(Dataset records)
Segment Open

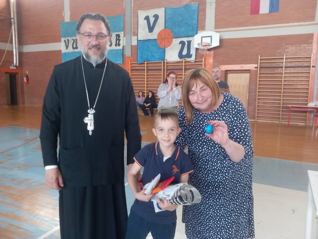 Vlasnik najtvrđeg i najlepšeg vaskršnjeg jajeta su nagrađeni peharima i slatkišima te kompletom; ikone Svete Trojice, knjige o zapovednim crkvenim praznicima kod Srba i duhovne pesmarice “Dobro doš’o Hriste”, poklonom Druge parohije vukovarske.
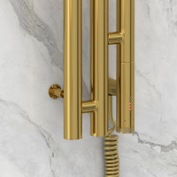 Полотенцесушитель Сунержа Терция 3.0 120х10 справа электрический в цвете золото выполнен из нержавеющей стали с глянцевым покрытием. Монтаж настенный, вертикальный, подключение скрытое. Управление размещено справа. Присутствует терморегулятор, функция памяти, таймер. Максимальная мощность — 300 Вт, класс защиты IP54, термостат с регулировкой температуры. Комплектация включает все для установки, длина кабеля 1,5 м.
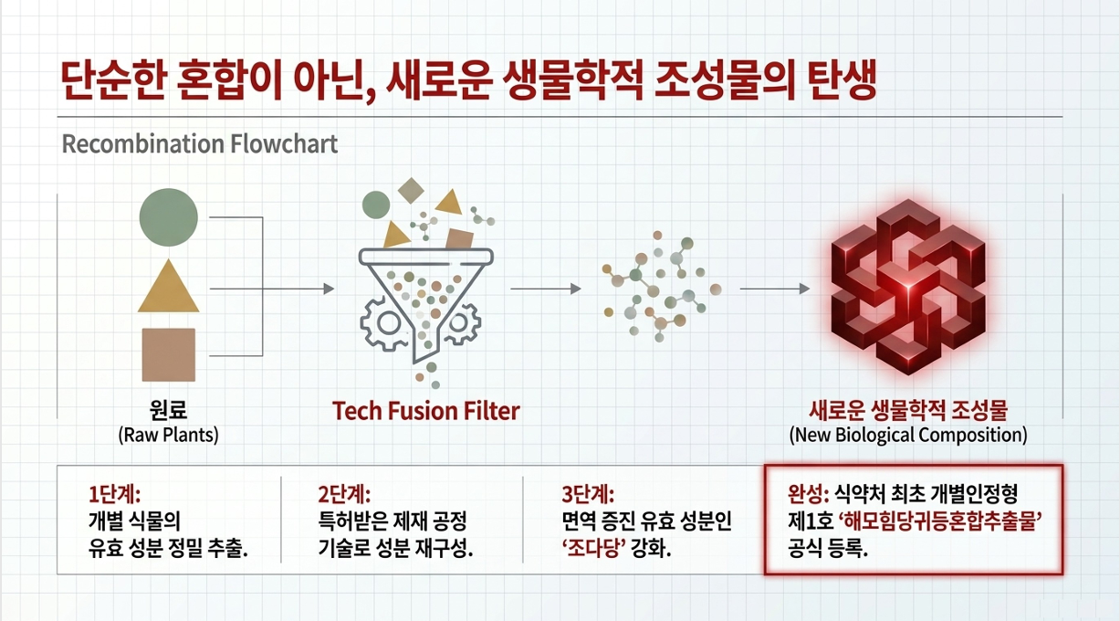 - 고순도 정제 기술의 정점: 기존 천연물 추출 방식의 한계였던 불필요한 색소와 불순물, 특유의 강한 냄새를 제거하는 고순도 정제 기술이 적용되었습니다. 이는 프리미엄 화장품 개발에 쓰인 나노 기술과 맥을 같이하며 유효 성분의 흡수율과 효능을 비약적으로 높이는 토대가 되었습니다.
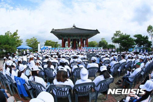 【서울=뉴시스】 21일 경기도 파주시 임진각 평화의 종각 광장에서 피스로드(Peace Road) 2017 코리아 통일대장정' 종주 완료식이 열리고 있다. 2017.08.21. (사진=남북통일운동국민연합 제공)
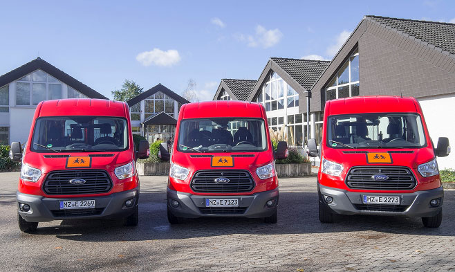 Wir setzen auf sichere Beförderung in modernen, speziell umgerüsteten Klein- und Rollstuhlbussen. Für neue Aufträge kommen ausschließlich neuwertige Fahrzeuge der Marken Ford und Opel zum Einsatz. Die Umrüstung sowie die Begurtungssysteme entsprechen selbstverständlich den hohen Sicherheitsstandards nach DIN 75078 Teil I und II.

Segment Closed

Required action ▸ From the line with "2017.08.21. (사진=남북통일운동국민연합 제공)" through the final line of the records above, return each line exactly and nothing else. Pictures are to be skipped.

Exercise output ▸
 【서울=뉴시스】 21일 경기도 파주시 임진각 평화의 종각 광장에서 피스로드(Peace Road) 2017 코리아 통일대장정' 종주 완료식이 열리고 있다. 2017.08.21. (사진=남북통일운동국민연합 제공)
 Wir setzen auf sichere Beförderung in modernen, speziell umgerüsteten Klein- und Rollstuhlbussen. Für neue Aufträge kommen ausschließlich neuwertige Fahrzeuge der Marken Ford und Opel zum Einsatz. Die Umrüstung sowie die Begurtungssysteme entsprechen selbstverständlich den hohen Sicherheitsstandards nach DIN 75078 Teil I und II.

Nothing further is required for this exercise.